The Fed has still not acted on its promise in February to purchase essentially unlimited amounts of investment grade and junk corporate debt and ETFs. While a yield chasing frenzy has allowed marginally investment grade issuers – including Walking Dead extras Carnival and Boeing – to raise stonking amounts of debt without the central bank’s help, the Fed risks losing credibility. Given its hopes to manage its balance sheet bloat through a yield curve control (YCC) policy, its timing couldn’t be worse.
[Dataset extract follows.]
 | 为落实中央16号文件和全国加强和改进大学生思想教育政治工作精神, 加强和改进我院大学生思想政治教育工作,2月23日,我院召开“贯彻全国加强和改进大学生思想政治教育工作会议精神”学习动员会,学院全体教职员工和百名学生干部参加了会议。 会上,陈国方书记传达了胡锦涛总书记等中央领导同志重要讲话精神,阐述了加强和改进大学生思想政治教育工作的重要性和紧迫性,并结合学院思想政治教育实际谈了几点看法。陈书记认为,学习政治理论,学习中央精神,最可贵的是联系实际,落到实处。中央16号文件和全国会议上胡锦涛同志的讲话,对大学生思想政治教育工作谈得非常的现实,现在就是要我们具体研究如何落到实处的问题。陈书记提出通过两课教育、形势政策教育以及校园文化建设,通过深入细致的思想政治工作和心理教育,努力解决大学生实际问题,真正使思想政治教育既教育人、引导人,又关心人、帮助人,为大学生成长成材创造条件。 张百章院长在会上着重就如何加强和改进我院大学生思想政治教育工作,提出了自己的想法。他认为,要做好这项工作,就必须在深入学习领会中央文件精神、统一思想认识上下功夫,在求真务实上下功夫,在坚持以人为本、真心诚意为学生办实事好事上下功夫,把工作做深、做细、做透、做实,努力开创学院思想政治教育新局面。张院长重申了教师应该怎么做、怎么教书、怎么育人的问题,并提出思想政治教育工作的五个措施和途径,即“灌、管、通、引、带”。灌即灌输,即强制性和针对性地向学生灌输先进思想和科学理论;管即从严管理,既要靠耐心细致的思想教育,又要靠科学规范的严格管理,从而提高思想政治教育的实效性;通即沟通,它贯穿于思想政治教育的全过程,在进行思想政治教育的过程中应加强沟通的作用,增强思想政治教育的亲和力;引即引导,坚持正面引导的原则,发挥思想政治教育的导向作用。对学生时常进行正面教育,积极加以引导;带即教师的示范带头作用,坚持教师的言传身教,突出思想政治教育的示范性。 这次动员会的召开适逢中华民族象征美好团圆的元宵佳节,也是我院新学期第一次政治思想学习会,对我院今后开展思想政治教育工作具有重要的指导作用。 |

The Fed’s empty jawboning has not gone unnoticed. On Friday, Bank of America credit analysts wrote:

Note to Fed: a lot of investors (including non-credit ones) have bought IG corporate bonds the past two months. . . on the expectation they can sell to you. So would be helpful if you soon began buying broadly and in size. (H/T Grant’s Almost Daily)

On April 23, Wolf Richter wrote:

So over the past four weeks, the Fed has not done any of the things with these SPVs and Primary Dealers that the markets were raving about it would do. It didn’t buy junk bonds, it didn’t buy ETFs, it didn’t buy stocks, it didn’t buy old bicycles. But Wall Street sure loved raving about it.

The situation hadn’t changed as of last week’s Fed balance sheet report.

The Fed’s credibility, always crucial, is particularly important now, with central bank grandees considering using a YCC policy to control rates without further ballooning its balance sheet. In essence, this involves telling the market that it will buy Treasuries at a given price. No one sells lower than that, knowing they can sell to the Fed, so rates stay at the target level, even if the Fed doesn’t actually buy much. But for that to work, as it did during World War II, the market has to believe the Fed will support the peg.

Hence the need for credibility, which the Fed is now frittering away.